By Pamela Cerdeira
I think the story line is like a moving ball, if you zoom out you realize that it is moving forward, but if you look closely, you can see that it is also spinning. The times in front of us are dark and our ball (called humanity) is about to be turned upside down, that's not new, it's been there before. It is those twists and turns that allow us to understand that history is cyclical, therefore, it repeats itself.
What is a dark time? It depends. For me, the destruction of INAI, the recomposition of the Judiciary in an election that is a farce and the concentration of power in a single party is a dark time, but for those whose last name is López or Batres, the same actions surely mean just the opposite.

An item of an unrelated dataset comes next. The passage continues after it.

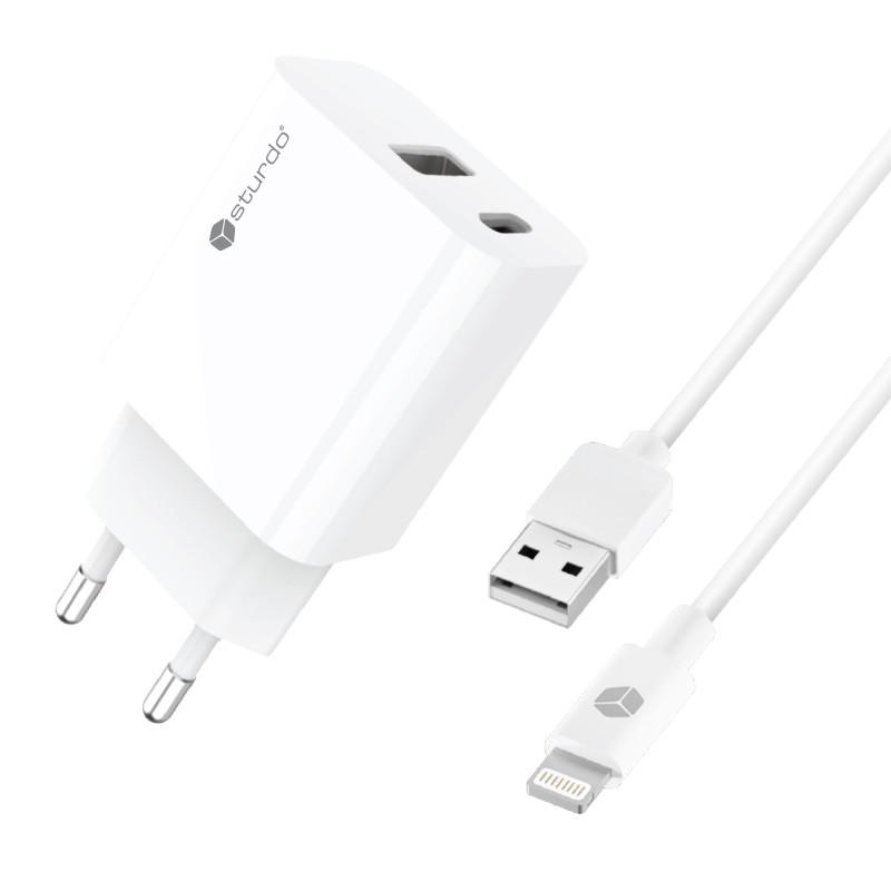 STURDO NSI-0083-STU-LIGHT BIELA 3A PD 20W+USB QC3.0 MFI KABEL SIET.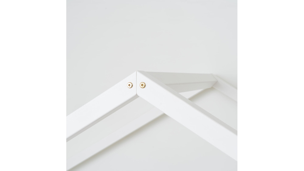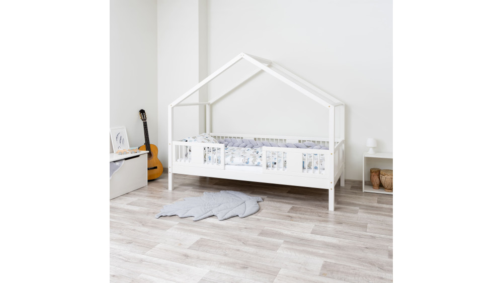 Konstrukcja domku pobudza kreatywność – w dzień łóżko zamienia się w bazę do zabawy, a wieczorem sprzyja wyciszeniu. Wystarczy dodać miękką bawełnianą pościel i delikatne oświetlenie, by stworzyć przytulną atmosferę snu.

Now, if we go to a more global description of blackness, without a doubt, the loss of freedom and the weakening of human rights fit perfectly there. The possibility that a person, because of their skin color, sexual orientation or gender identity, is considered "less of a person" is a bad sign, a step backwards. Yes, the ball is moving forward, today no one would justify slavery or deny the right to vote to someone because of their skin color, but the turn places us in a retrograde of something we already thought we had overcome. Here are some of the signs:
Donald Trump and Musk - For Elon Musk, gender identity is a woke virus, the same one that was inoculated into his trans daughter, whom he has never accepted. Not only is it an unresolved personal issue, it is a legal onslaught in which people who do not fit his very short definition of male or female (because there are biological variations that are not being considered) do not exist. They are simply "non-persons". So they are "non-persons" that scientific research papers on their health are being withdrawn because they do not fit the definition of what these two gentlemen mean by human. Therefore, if "non-persons" are a lie, why should we talk about them, research, invest and care for them? We women understand very well what it is to be a "non-person". One only has to read Caroline Criado in Invisible Women to realize that clinical research, vehicle safety measures, cell phone sizes, and even piano keys have historically been designed on the premise that "human beings are men", and therefore, "women" are "non-persons". Things have been moving slowly, but moving forward. There are more women in leadership positions; you can talk without shame in the media about menstruation or menopause without receiving complaints because "yuck"; and acts of violence are already named as such. For my generation, or at least for me, the clotheslines, the Z generation that recognizes machismo a mile away, that has words to name things I learned after 30, represented hope. "They won't have it so hard anymore," I said to myself. I was wrong, it was the view from the top of the ball.